The problem was the nvidia driver setup was (for at least driver 331)
in two parts and the minor kernel build that incorporates such
is not prepared for that (A 2 part driver build
violates the rules for DKMS builds). So (with some randomness
depending on timing on a given new-kernel-install) gpu module builds could fail
with various consequences (rarely dire, but sometimes...).

I'm no kernel expert. This affected me.
Today's new Linux kernel 3.13.0-49 #83 installed for me
with none of the scary messages (which is not proof
that the problem is actually squashed yet, but still it's nice...)

I just wanted to wrap up this issue so anyone else
on 14.04 would know there is light at the end of the tunnel.
ID: 1665441 · Report as offensive
Profile betreger Project Donor
Avatar

Send message
Joined: 29 Jun 99
Posts: 11361
Credit: 29,581,041
RAC: 66
United States
Message 1665448 - Posted: 15 Apr 2015, 0:26:43 UTC - in response to Message 1665441.  

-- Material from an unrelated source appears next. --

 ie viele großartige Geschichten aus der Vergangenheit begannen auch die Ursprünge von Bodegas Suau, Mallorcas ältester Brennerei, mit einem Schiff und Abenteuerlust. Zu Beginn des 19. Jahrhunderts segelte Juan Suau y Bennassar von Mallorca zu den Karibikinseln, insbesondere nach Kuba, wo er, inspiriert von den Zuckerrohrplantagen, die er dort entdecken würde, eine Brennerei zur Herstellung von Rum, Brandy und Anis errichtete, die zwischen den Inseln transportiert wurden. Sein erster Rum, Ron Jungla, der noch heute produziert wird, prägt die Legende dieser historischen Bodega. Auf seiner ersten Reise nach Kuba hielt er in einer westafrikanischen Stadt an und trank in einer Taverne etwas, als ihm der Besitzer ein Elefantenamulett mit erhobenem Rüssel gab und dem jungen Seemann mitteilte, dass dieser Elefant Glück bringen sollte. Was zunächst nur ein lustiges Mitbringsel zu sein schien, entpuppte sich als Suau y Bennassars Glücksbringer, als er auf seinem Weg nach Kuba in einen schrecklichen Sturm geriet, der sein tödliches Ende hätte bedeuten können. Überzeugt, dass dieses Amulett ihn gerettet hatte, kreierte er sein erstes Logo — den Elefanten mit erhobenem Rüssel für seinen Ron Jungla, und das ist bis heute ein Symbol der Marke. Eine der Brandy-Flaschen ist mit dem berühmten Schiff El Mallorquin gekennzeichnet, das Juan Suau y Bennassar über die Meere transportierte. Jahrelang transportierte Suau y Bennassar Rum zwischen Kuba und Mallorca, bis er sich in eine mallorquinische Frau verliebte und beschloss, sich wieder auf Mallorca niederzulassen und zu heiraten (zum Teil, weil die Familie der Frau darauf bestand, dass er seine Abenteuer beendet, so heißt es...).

Such joy, but on the good side it exercises the muscle between the ears.
ID: 1665448 · Report as offensive
spitfire_mk_2
Avatar

Send message
Joined: 14 Apr 00
Posts: 563
Credit: 27,306,885
RAC: 0
United States
Message 1665460 - Posted: 15 Apr 2015, 1:06:25 UTC

In time for dancing in the streets.
https://www.youtube.com/watch?v=sQdWK041Vuo
ID: 1665460 · Report as offensive
TBar
Volunteer tester

Send message
Joined: 22 May 99
Posts: 5204
Credit: 840,779,836
RAC: 2,768
United States
Message 1665648 - Posted: 15 Apr 2015, 15:08:58 UTC - in response to Message 1665441.  

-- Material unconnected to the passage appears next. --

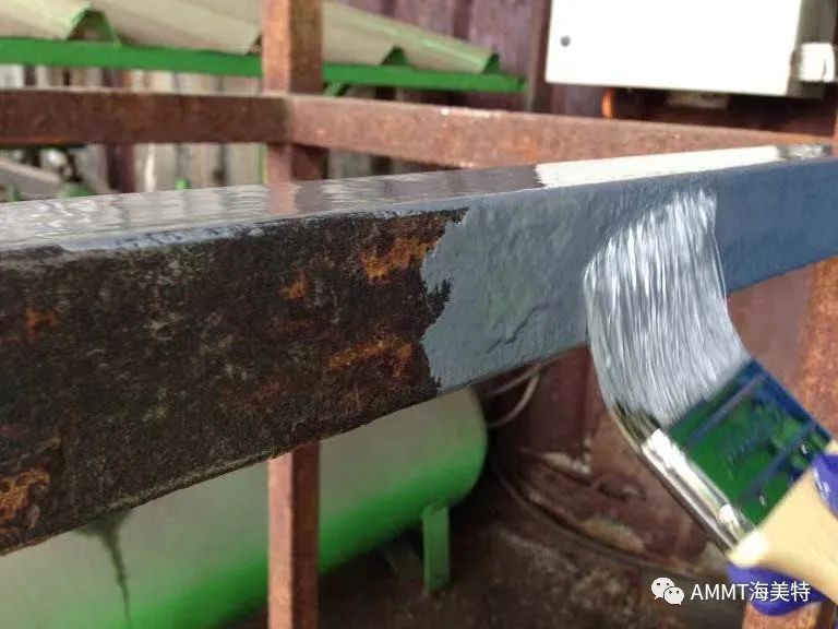 在工業(yè)界,傳統(tǒng)防銹、除銹的工序在過去 50 年都是一些非常沒有效率的方式,這些工序、步驟僅僅只能達到有限的效果;其主要的做法就是讓涂料“粘”在表面上,而無法讓已經(jīng)銹蝕的表面其銹蝕情況得到控制,因為銹蝕的表面有無數(shù)的銹蝕孔,深入到表面以下;孔中仍有水汽或甚至于有霉菌,會讓銹蝕持續(xù)進行。

Starting in late 2014 Ubuntu users were encountering difficulties getting a working nvidia GPU driver. This was crucial for GPU crunching.

Thousands of machines were listed on Ubuntu bug number 1268257.

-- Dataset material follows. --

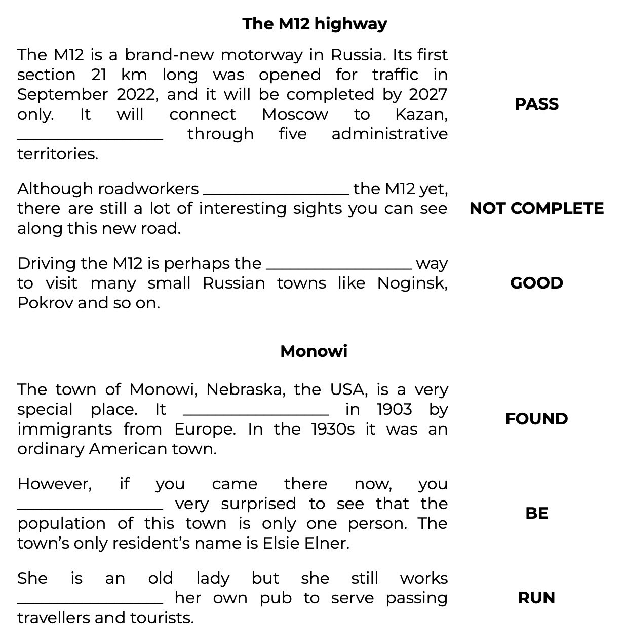 Although roadworkers __________________ the M12 yet, there are still a lot of interesting sights you can see along this new road. (NOT COMPLETE)

The problem was finally understood -- as reported in 1431753.

Most were able to work around this, but...it took a
few commands --- after every new kernel update and reboot.

It's fixed in the most recent Ubuntu and hopefully soon in 14.04,
the current LTS release.
The problem was the nvidia driver setup was (for at least driver 331)
in two parts and the minor kernel build that incorporates such
is not prepared for that (A 2 part driver build
violates the rules for DKMS builds). So (with some randomness
depending on timing on a given new-kernel-install) gpu module builds could fail
with various consequences (rarely dire, but sometimes...).

I'm no kernel expert. This affected me.
Today's new Linux kernel 3.13.0-49 #83 installed for me
with none of the scary messages (which is not proof
that the problem is actually squashed yet, but still it's nice...)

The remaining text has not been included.